[STORED DATA]

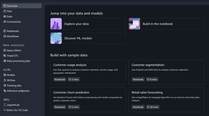 Amazon SageMaker is introducing a new notebook experience that provides data and AI teams with a high-performance, serverless programming environment for analytics and ML jobs. The new notebook experience includes Amazon SageMaker Data Agent, a built-in AI agent that accelerates development by generating code and SQL statements from natural language prompts while guiding users through their tasks.
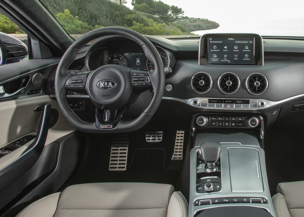 Der exklusiv in der „GT“-Ausstattung angebotene V6 3.3 T-GDI mit Direkteinspritzung, Biturbo, 370 PS und 510 Nm passt indessen zum Stinger wie der Stachel zur Biene (Kraftstoffverbrauch: 10,6 Liter auf 100 km, 244 g/km CO2 und Energieeffizienzklasse F). Wer will, kann mit ihm in weniger als fünf Sekunden auf 100 – und in der Spitze auf 270 km/h beschleunigen. Ebenso gut kann man mit dem Sechszylinder gemütlich durch die Lande streifen: in vollem Vertrauen auf die Sanftmut der Automatik und die Gelassenheit des serienmäßigen Allradantriebs. Im richtigen Modus zeigt sich der Allrad aber auch temperamentvoll und legt vier Fünftel der Leistung auf die Hinterachse. Das adaptive Fahrwerk sorgt für die perfekte Balance von Dynamik und Komfort; die Brembo-Spezialbremsanlage für die nötige Verzögerung.
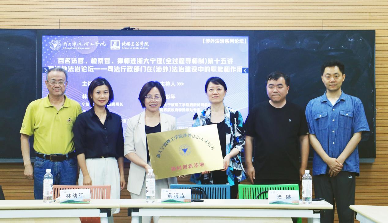 为引导法学学子明确职业生涯规划,加强校外实践能力,传媒与法学院于6月5日下午15:30在智慧教室NB118举行百名法官、检察官、律师进浙大宁理第十五讲暨涉外法治论坛——司法行政部门在(涉外)法治建设中的职能和作用。本次活动有幸邀请到宁波市江北区司法局局长林幼红、宁波市江北区司法局办公室主任俞靖垚、浙江合创律师事务所合伙人陆琳作为主讲人,浙大宁波理工学院启新特聘教授金彭年、传媒与法学院副院长韩缨、法学专业教师张浩为与谈人,2022级涉外法治班学员共同参与。
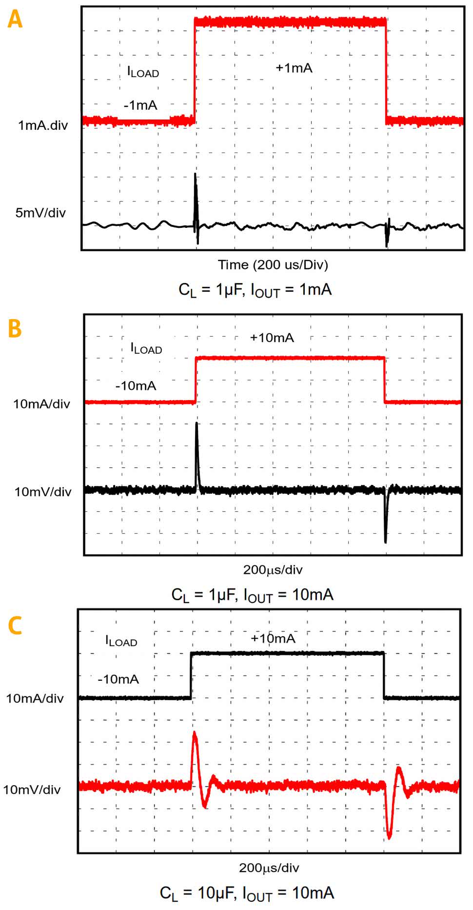 Nie można też pominąć wydajności prądowej i sposobu obciążania wyjścia źródła napięcia odniesienia. Wielu konstruktorów czyta kartę katalogową tak, jakby referencja miała zasilać wyłącznie wysokoimpedancyjne wejścia JFET. Tymczasem nowoczesne przetworniki SAR potrafią pobierać ze wzorca krótkie impulsy prądu związane z ładowaniem wewnętrznych pojemności. Bez lokalnego bufora i dobrze dobranych pojemności odsprzęgających „szarpanie” prądu przez wejście VREFIN konwertera prowadzi do wzrostu błędu przetwarzania, pomimo że stabilność źródła w warunkach (niewielkiego) obciążenia statycznego wciąż jest fantastyczna. Sama informacja, że wyjście danego układu może dostarczyć np. 10 mA prądu nie oznacza jeszcze, że układ poradzi sobie z gwałtownymi pikami prądu o stromym narastaniu, pobieranymi przez „uwieszony” na nim przetwornik lub inny układ analogowy. Odpowiedź skokową źródła można zobaczyć w nocie katalogowej i wygląda ona przeważnie tak, jak na rysunku 22. Trzeba patrzeć także na stabilność powiązaną z zastosowaniem pojemności wyjściowej, odpowiedź skokową i zalecane sposoby połączenia z ADC (np. z dodatkowym buforowaniem lub bez).

[/STORED DATA]

**TO DO**
Please repeat the data verbatim and leave the pictures out of your copy.

**TASK ANSWER**
 Amazon SageMaker is introducing a new notebook experience that provides data and AI teams with a high-performance, serverless programming environment for analytics and ML jobs. The new notebook experience includes Amazon SageMaker Data Agent, a built-in AI agent that accelerates development by generating code and SQL statements from natural language prompts while guiding users through their tasks.
 Der exklusiv in der „GT“-Ausstattung angebotene V6 3.3 T-GDI mit Direkteinspritzung, Biturbo, 370 PS und 510 Nm passt indessen zum Stinger wie der Stachel zur Biene (Kraftstoffverbrauch: 10,6 Liter auf 100 km, 244 g/km CO2 und Energieeffizienzklasse F). Wer will, kann mit ihm in weniger als fünf Sekunden auf 100 – und in der Spitze auf 270 km/h beschleunigen. Ebenso gut kann man mit dem Sechszylinder gemütlich durch die Lande streifen: in vollem Vertrauen auf die Sanftmut der Automatik und die Gelassenheit des serienmäßigen Allradantriebs. Im richtigen Modus zeigt sich der Allrad aber auch temperamentvoll und legt vier Fünftel der Leistung auf die Hinterachse. Das adaptive Fahrwerk sorgt für die perfekte Balance von Dynamik und Komfort; die Brembo-Spezialbremsanlage für die nötige Verzögerung.
 为引导法学学子明确职业生涯规划,加强校外实践能力,传媒与法学院于6月5日下午15:30在智慧教室NB118举行百名法官、检察官、律师进浙大宁理第十五讲暨涉外法治论坛——司法行政部门在(涉外)法治建设中的职能和作用。本次活动有幸邀请到宁波市江北区司法局局长林幼红、宁波市江北区司法局办公室主任俞靖垚、浙江合创律师事务所合伙人陆琳作为主讲人,浙大宁波理工学院启新特聘教授金彭年、传媒与法学院副院长韩缨、法学专业教师张浩为与谈人,2022级涉外法治班学员共同参与。
 Nie można też pominąć wydajności prądowej i sposobu obciążania wyjścia źródła napięcia odniesienia. Wielu konstruktorów czyta kartę katalogową tak, jakby referencja miała zasilać wyłącznie wysokoimpedancyjne wejścia JFET. Tymczasem nowoczesne przetworniki SAR potrafią pobierać ze wzorca krótkie impulsy prądu związane z ładowaniem wewnętrznych pojemności. Bez lokalnego bufora i dobrze dobranych pojemności odsprzęgających „szarpanie” prądu przez wejście VREFIN konwertera prowadzi do wzrostu błędu przetwarzania, pomimo że stabilność źródła w warunkach (niewielkiego) obciążenia statycznego wciąż jest fantastyczna. Sama informacja, że wyjście danego układu może dostarczyć np. 10 mA prądu nie oznacza jeszcze, że układ poradzi sobie z gwałtownymi pikami prądu o stromym narastaniu, pobieranymi przez „uwieszony” na nim przetwornik lub inny układ analogowy. Odpowiedź skokową źródła można zobaczyć w nocie katalogowej i wygląda ona przeważnie tak, jak na rysunku 22. Trzeba patrzeć także na stabilność powiązaną z zastosowaniem pojemności wyjściowej, odpowiedź skokową i zalecane sposoby połączenia z ADC (np. z dodatkowym buforowaniem lub bez).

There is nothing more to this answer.